[Items from a dataset]

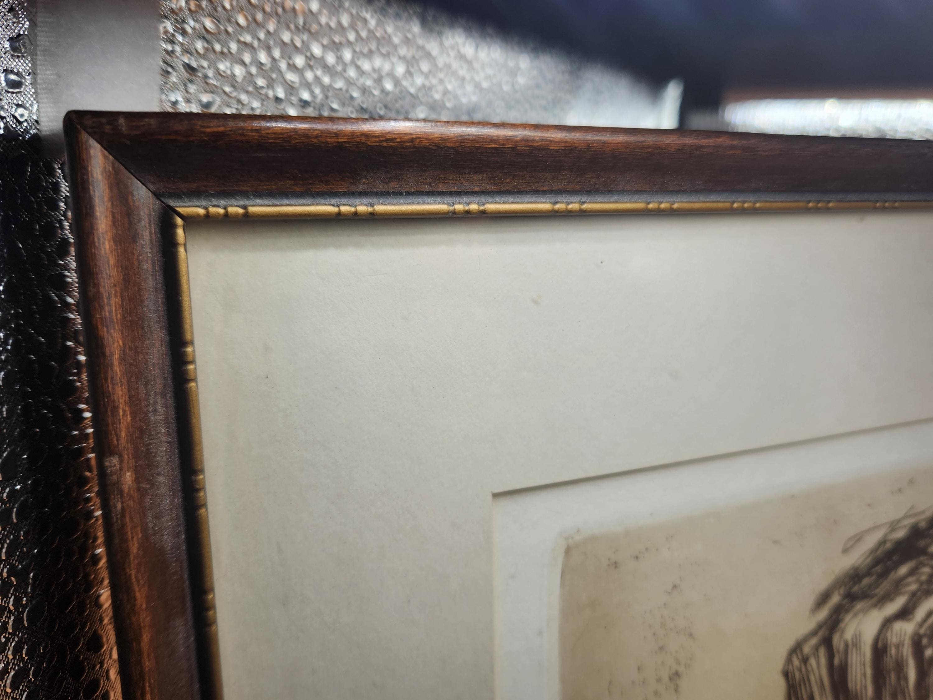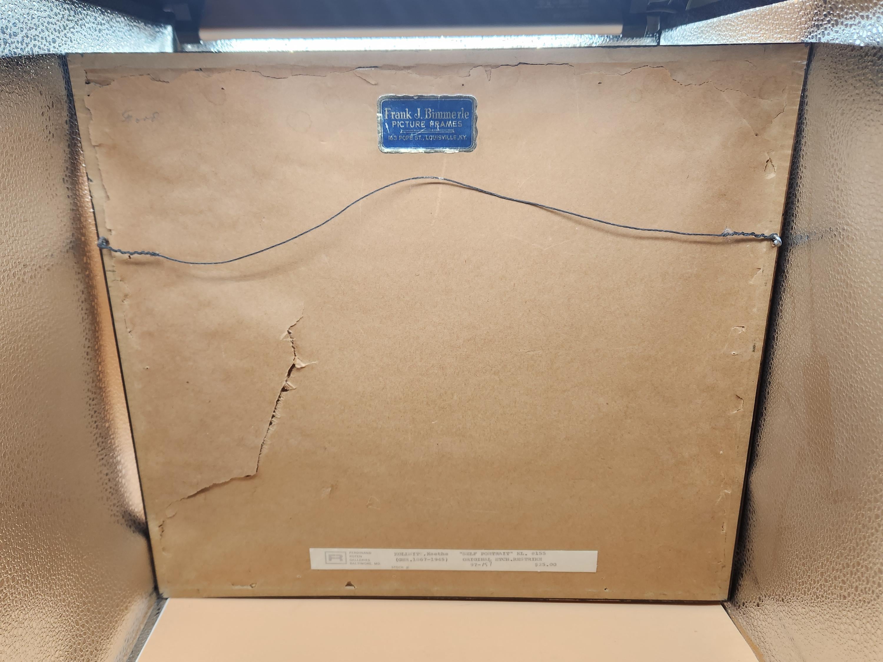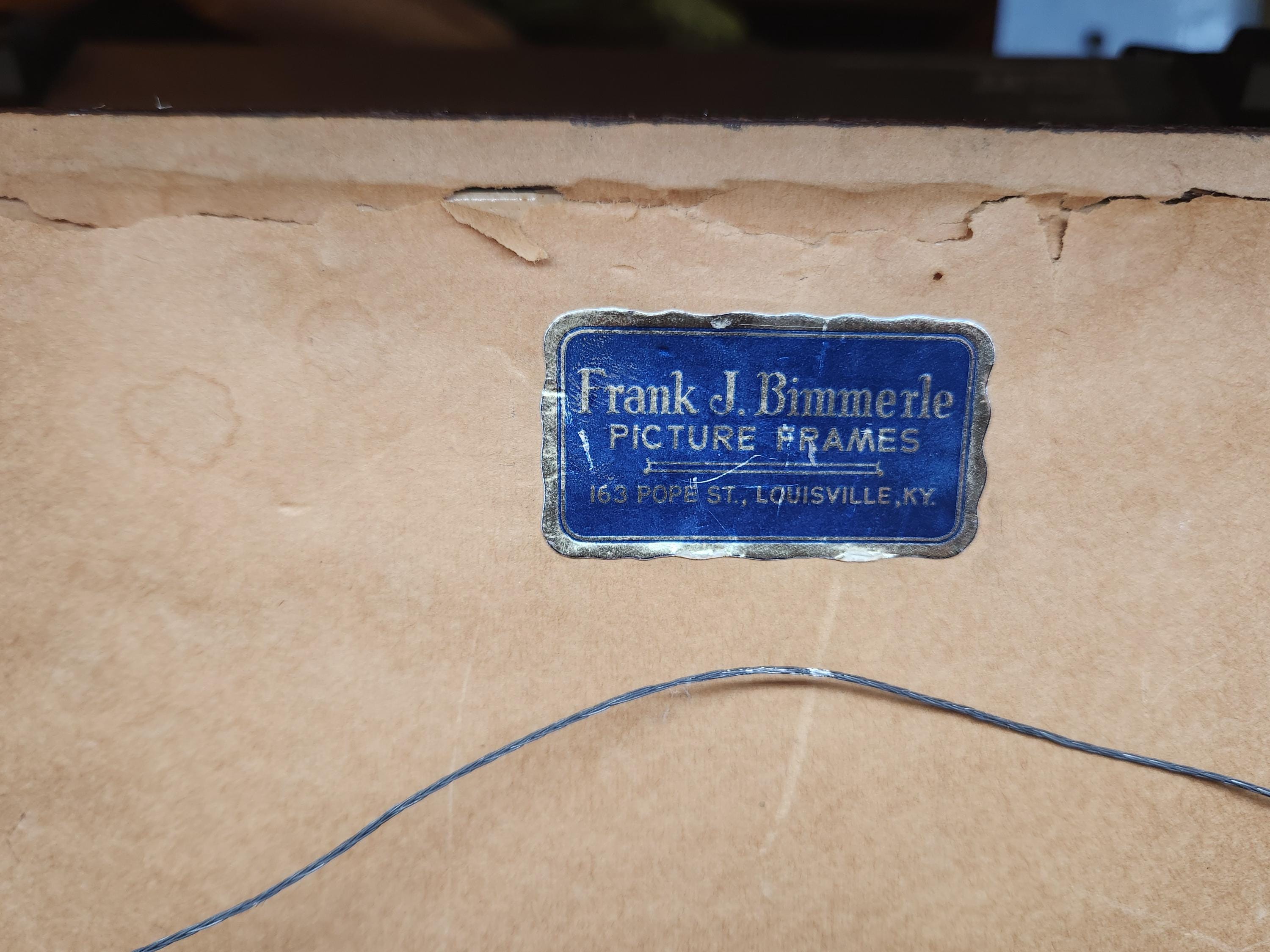 Professionally framed by Frank J. Bimmerle of Louisville, KY, this artwork is presented in a dark wood frame with elegant gilded trim, enhancing its timeless appeal. The framed dimensions are 16" wide by 14.5" high, with a matted area measuring 11.25" wide by 9.25" high.
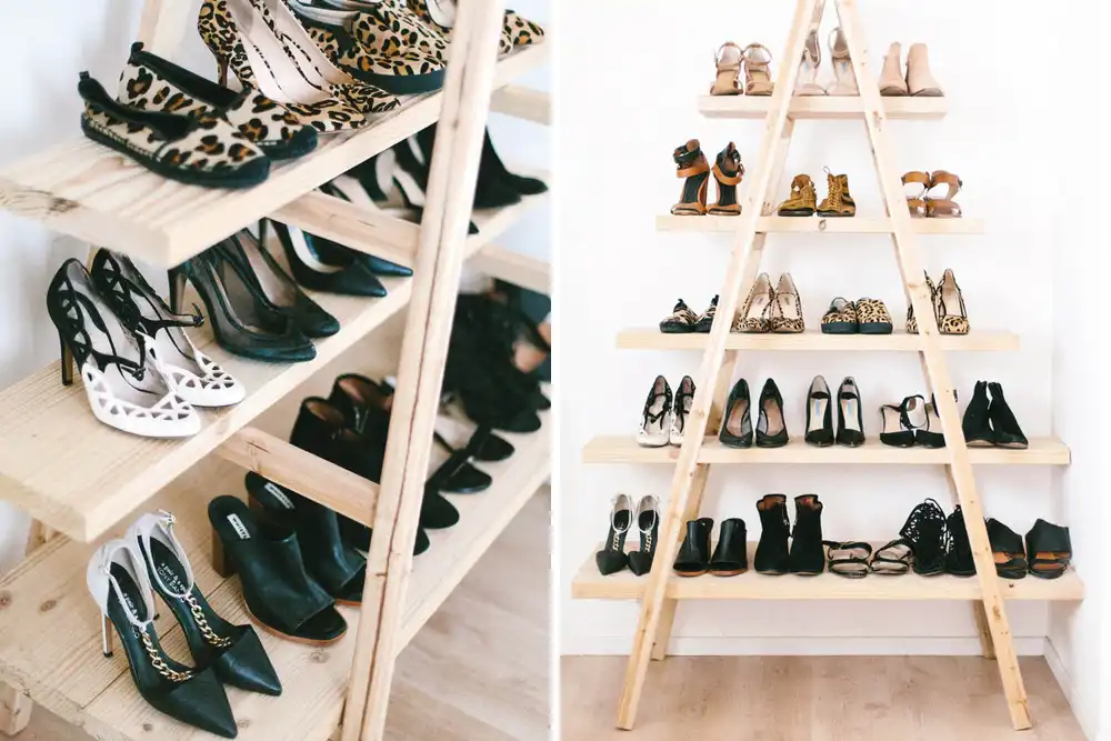 Uma escada antiga é uma ótima estratégia de organização para sapatos de salto alto.
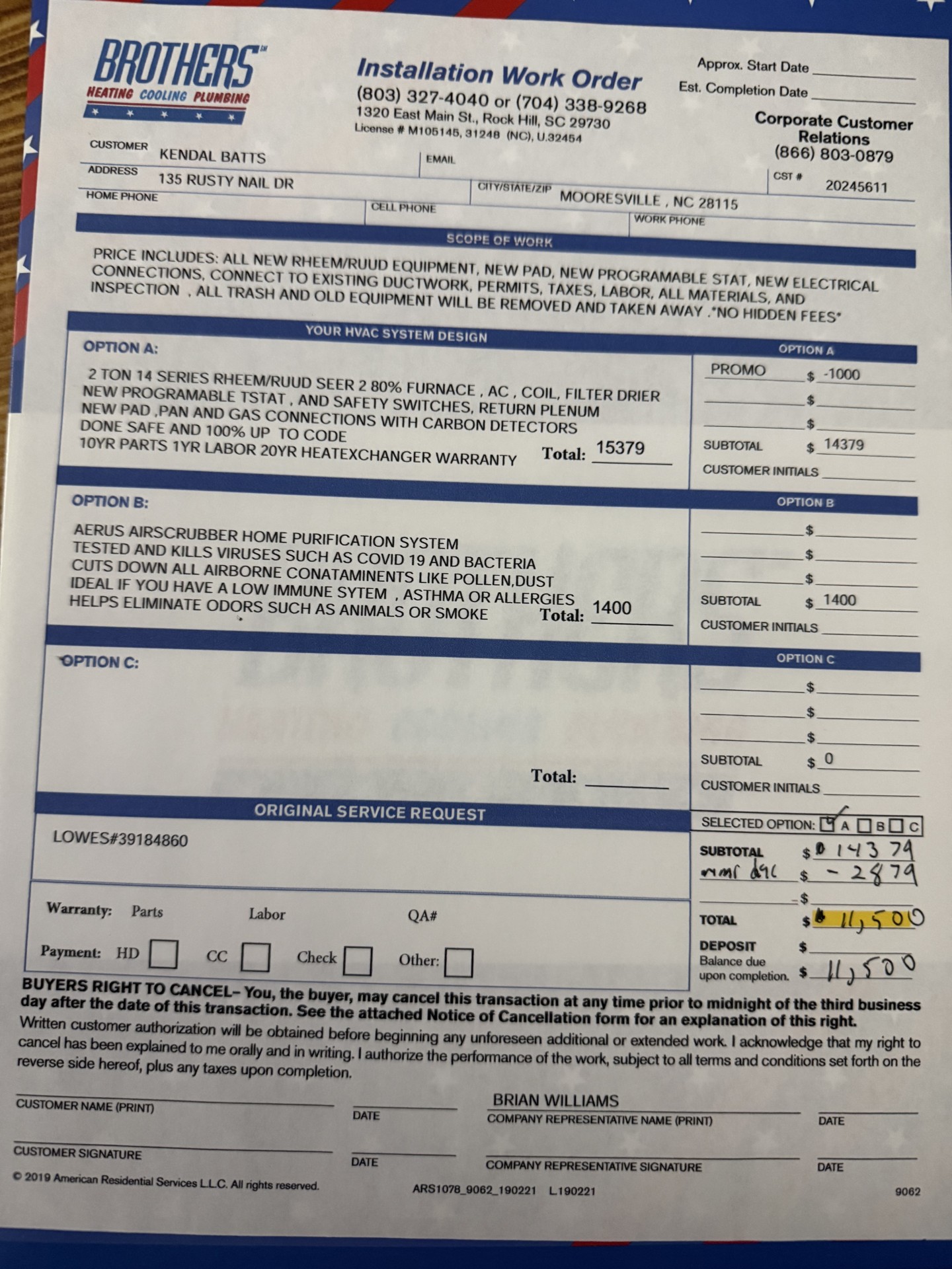Download PDFInvoice from the original HVAC installation through Lowe's.
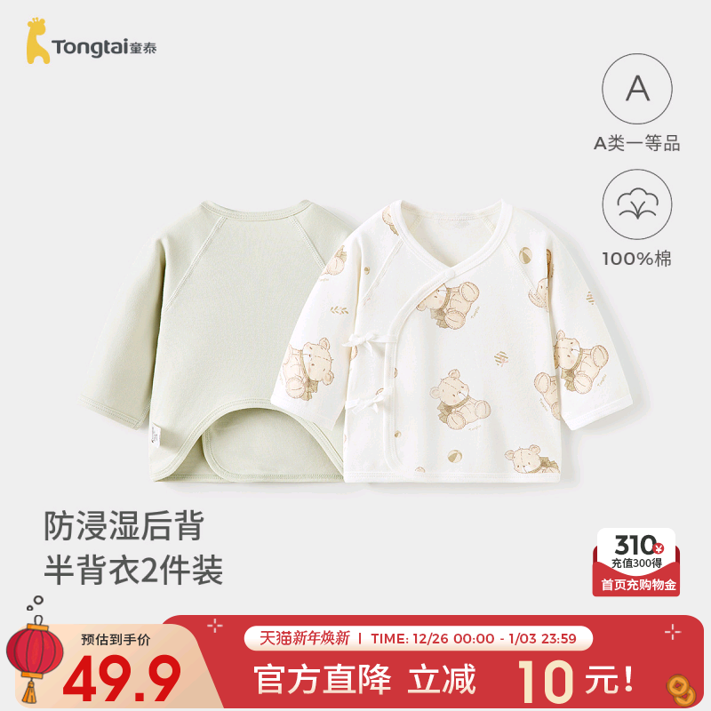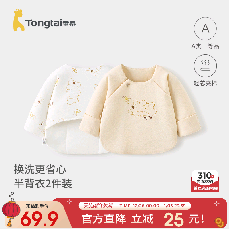 童泰新生婴儿儿衣服半背衣秋冬季初生宝宝纯棉上衣保暖和尚服2件
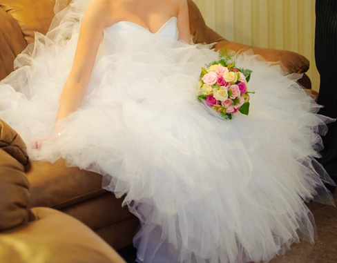 Tiulowa suknia ślubna z trenem (welon+etola+woalka gratis)Suknie ślubne » Podlaskie » Białystok
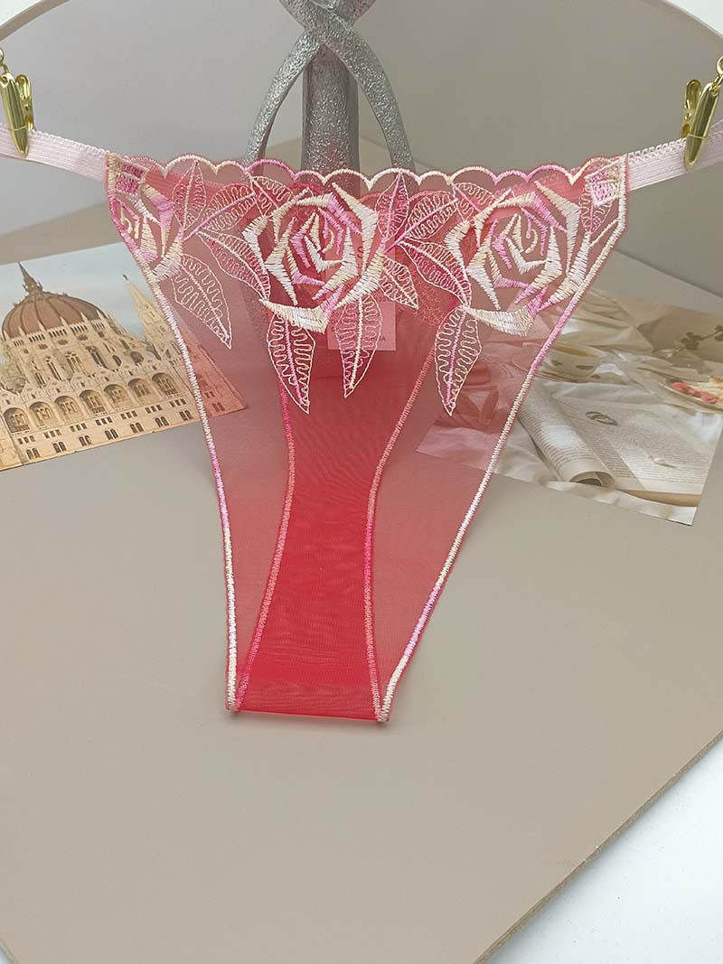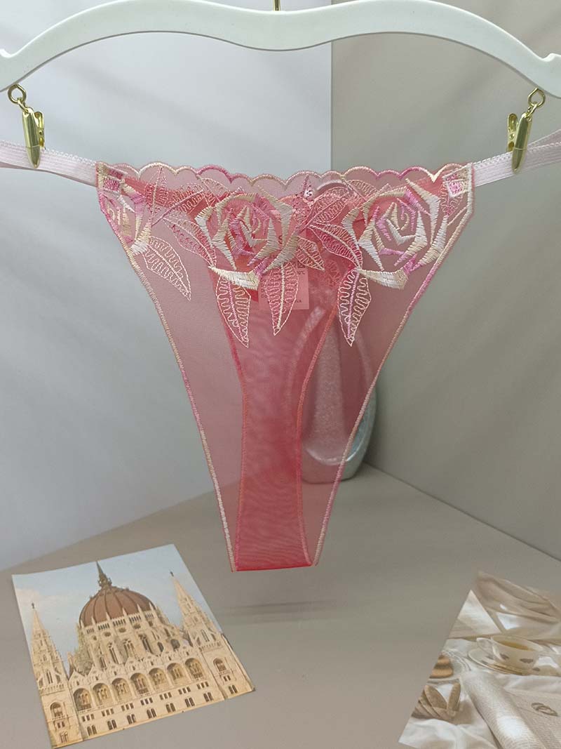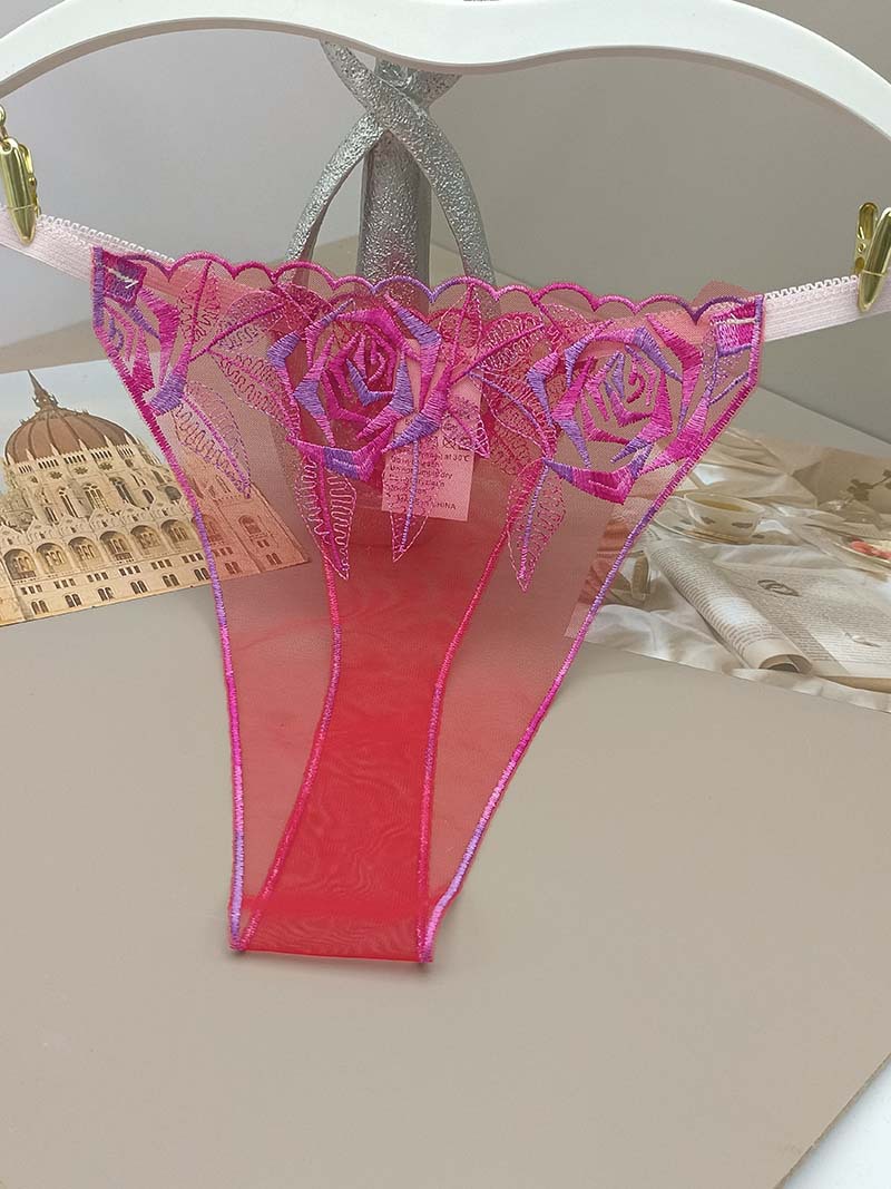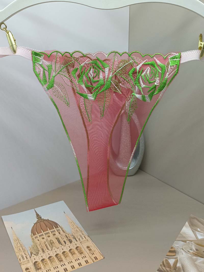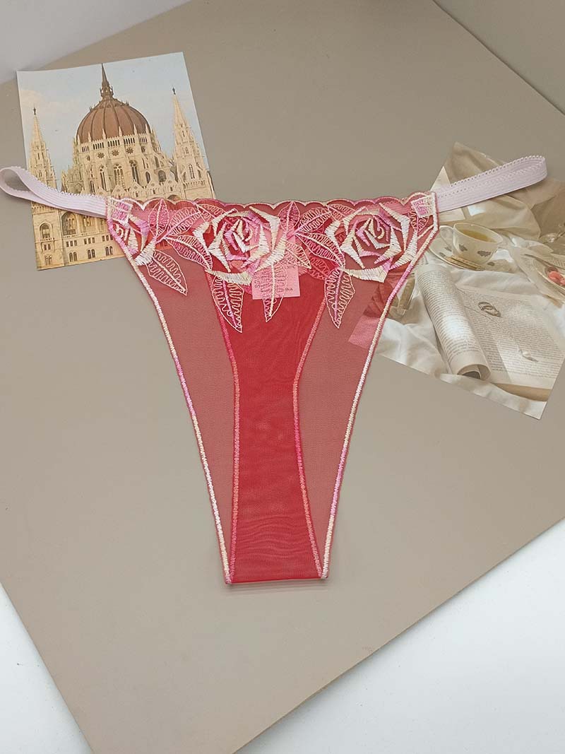 FREEDOMBEAUTY | Transparent red mesh embroidery hollowed-out sexy women's sex thong t-pants flower embroidery perspective panties cross-border
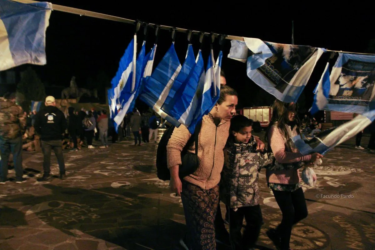 Hilario Flores, algo así como el vendedor “oficial” de banderas en cuanto acto o movilización hay en la ciudad, permanece hasta tarde en el Centro Cívico… Cerca de las dos se lo ve cansado, sentado en un banco, pero aún con su oferta de estampas celestes y blancas.
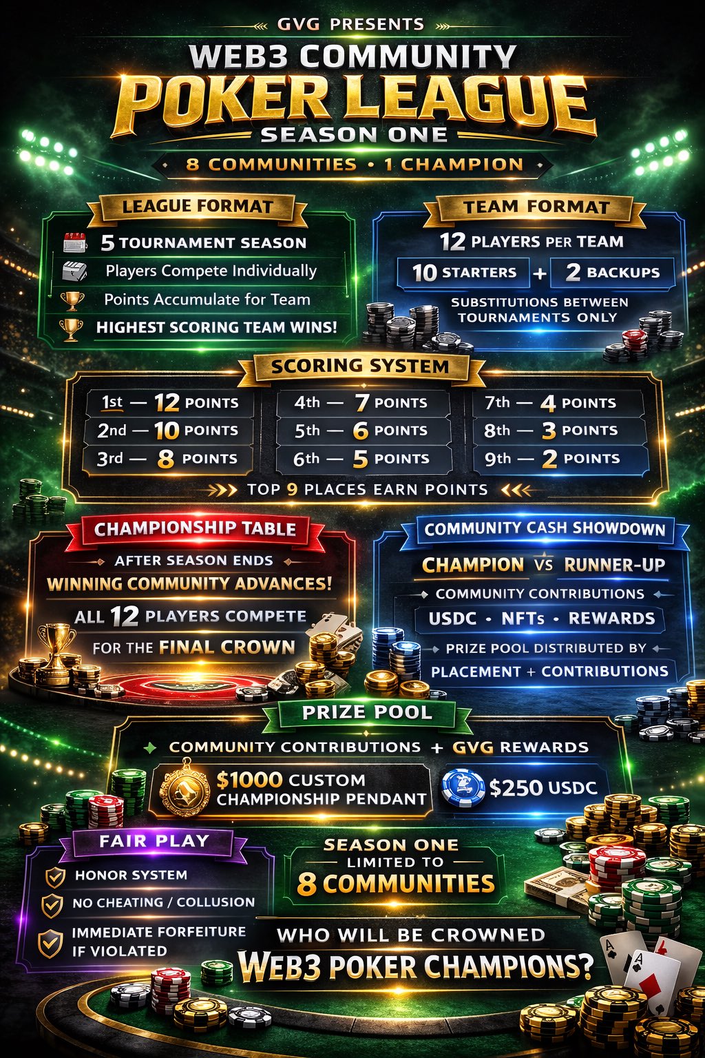 Cheating, collusion, chip dumping → instant boot + community DQ.
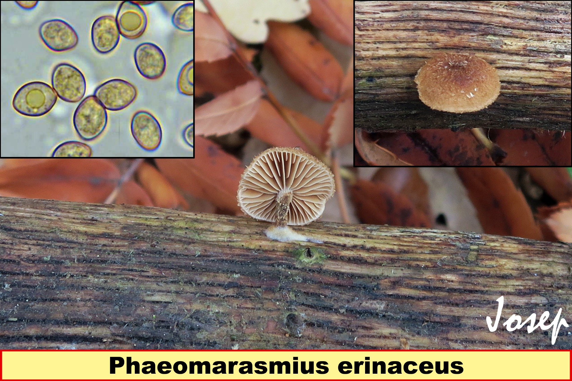Dejo una imágen mía de Phaeomarasmius erinaceus.

■ EXERCISE GOAL ■
Above, find the line with "Tiulowa suknia ślubna"; copy it and every line down to the line with "FREEDOMBEAUTY | Transparent", exactly and both included, but no pictures.

■ EXPECTED ANSWER ■
 Tiulowa suknia ślubna z trenem (welon+etola+woalka gratis)Suknie ślubne » Podlaskie » Białystok
 FREEDOMBEAUTY | Transparent red mesh embroidery hollowed-out sexy women's sex thong t-pants flower embroidery perspective panties cross-border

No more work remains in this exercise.